I have two sequences in an $l^p$ space, i.e. two sequences of sequences:
$x_k$ := sequence with first k entries 1, then only 0's.
$y_k$ := sequence with first k entries $k^{-\frac{1}{3}}$, then only 0's.
I want to determine, for which values of $p \in [1, \infty) $ the sequences converge to some limit with the $l^p$ norm $||s_k||_{l^p} = (\sum_{i=1}^{\infty} |s_i|^p)^{\frac{1}{p}}$ for $p< \infty$ and $||s_k||_{l^p} = \sup|x_i| :i\in\mathbb{N}$ for $p= \infty$.
I think $x_k$ never converges and $y_k$ converges to the $0$ sequence for $p>= 4$. My reasoning: for $x_k$ only the sequence $x$ of all $1$'s seems even reasonable but no matter how large I choose $k$, $||x_k-x||_{l^p}$ will always be infinitely large. For $y_k$ for $p>=4$, I will get the increasing $k$ with a negative exponent in the expression $||y_k-y||_{l^p}$ and thus $\lim_{k \to \infty}||y_k-y||_{l^p}$ = 0 and the sequence $y$ of all 0 's should do the trick.

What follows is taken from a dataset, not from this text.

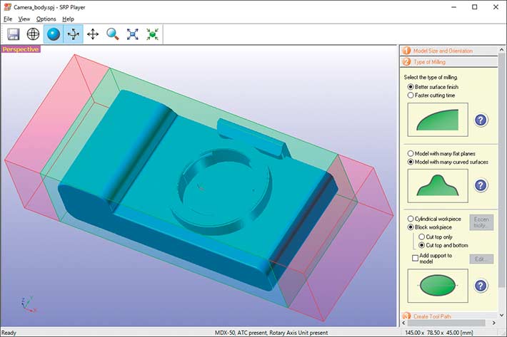 ClickMill软件可直接控制MDX-50的表面堆焊、钻孔、槽型面加工和其他加工流程,无需使用CAD或CAM软件。
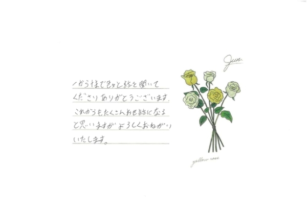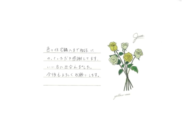 ご多忙の中、アンケートへのご回答ありがとうございます。 また、数ある不動産会社の中から当店をお選びいただき誠にありがとうございました。 人生において大切なお買い物となるH様のお住まい購入に携わる事ができ大変嬉しく思っております。少しでも疑問に思われる事や確認事項がございましたら、いつでもご連絡くださいませ。引き続き末永いお付き合いの程、宜しくお願いいたします。

Am I on the right track here?
For all $\ell^p$ spaces, if a sequence $x_n \to x$ (as $n \to \infty$) then for every coordinate $l \in \mathbb{N}$ we have $|(x_n)_l - x_l|^p \le ||x_n - x||^p_p$ so
$$|(x_n)_l - x_l| \le (||x_n -x||_p) \to 0 \,\,(n \to \infty)$$
So if $(x_n)$ converges at all, then the coordinatewise limit is the only candidate limit, as you seem to imply.
So if $x_n$ converges to $x$, it must converge to a sequence $x$ of all $1$'s. But this sequence is not even a member of $\ell^p$ for $1 \le p < \infty$. But $x \in \ell^\infty$, as $||x||_\infty = 1$, but then $||x_n -x||_\infty = 1$ for all $n$ and so $x_n \not\to x$.
For $y$ we have that the sequence $(y_n)_k$ is $0$ for $n < k$, and $n^{-\frac{1}{3}}$ for $n \ge k$. So the coordinatewise limit is the all $0$ sequence. So what is $||y_n - 0||_p$, say for finite $1 \le p$ first:
$$||y_n||_p^p = \sum_{k=0}^\infty |(y_n)_k|^p = \sum_{k=0}^n n^{-\frac{p}{3}} = n\cdot n^{-\frac{p}{3}} = n^{\frac{3-p}{3}} $$ for any finite $p$. So
$$||y_n - 0||_p = n^{\frac{3-p}{3p}}$$ which converges to $0$ iff $3-p <0$ (when the fraction becomes negative), so iff $p>3$.
For $p=\infty$, $||y_n||_\infty = n^{-\frac{1}{3}} \to 0\,\,n \to \infty$, so there we alo have convergence.
So for the $x_n$, there is only one candidate limit, which is either not in the space at hand, or else keeps doesn't have distance to the limit converging to $0$. For the $y_n$ the only candidate is $0$ and there we have convergence iff $p > 3$.